Of course, being a bureaucrat, Harwood used rather more diplomatic - not to mention long-winded - language. What he actually said was that “40 per cent of the provision across the whole sector is just unacceptable in the terms of the quality of the learning and the provision which takes place”. Crap, to you and me.

And crap it turned out to be in more ways than one. As such stories do, this one ran and ran. When the dust settled, it was found that our boss of bosses was being more than a little creative with the English language. That 40 per cent described as “unacceptable” turned out to be provision deemed “satisfactory” by the inspectors of the old Further Education Funding Council.

It appeared that what Harwood was attempting to do was a muscle-flexing, chest-banging, me Tarzan type of exercise: “satisfactory” is not good enough for the tough nuts at the LSC. Only “absolutely flippin’ marvellous” will do for us.

This brings us neatly on to the second remarkable thing. Because two weeks after the broadcast, the ultimate FE quango responded in a very unusual manner. It wasn’t actually the LSC’s chief exec himself who spoke up this time but his colleague (some might say his boss) council chair Bryan Sanderson. “We’re sorry,” the boss of the boss of bosses said in an interview. “The words chosen weren’t very smart ... we ought to be more careful with our labelling.”

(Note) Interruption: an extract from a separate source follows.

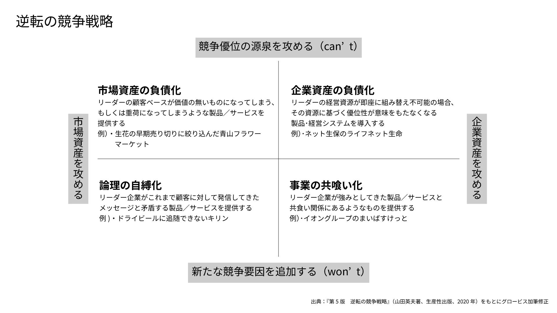 この方法論について体系化したのが、山田英夫教授による「逆転の競争戦略のマトリクス」です。図表に示した縱軸と横軸をとることで、4つの方向性を提示します。
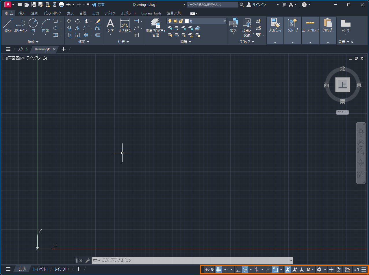 ステータス バーには、カーソルの位置、作図ツール、および作図環境に影響を与えるツールが表示されます。

So now you see what I mean about odd. Doesn’t Bryan Sanderson know that nobody in the upper echelons of education ever apologises for anything? Particularly for rubbishing the workforce. When challenged, the trick is to bounce back with an even more damning indictment - perhaps reminding us that while 40 per cent of courses might be unacceptable, at least half of that number are little better than diabolical. Teachers are all masochists at heart - why else would they choose to do the job in the first place? They need regular bouts of ritual humiliation to keep them up to scratch, not whining apologies. That only serves to encourage their bad old ways.

Can you imagine former chief inspector Chris Woodhead ever begging forgiveness? Or the last education secretary David Blunkett eating humble pie? Or Margaret Thatcher stopping to pat little children’s heads rather than snatching the milk out of their hands?

So please, no more of these strange happenings from the Nigels at the BBC or the big cheeses at the LSC. We’re not used to this kindness kick. At least you know where you are with a bucket full of the brown stuff.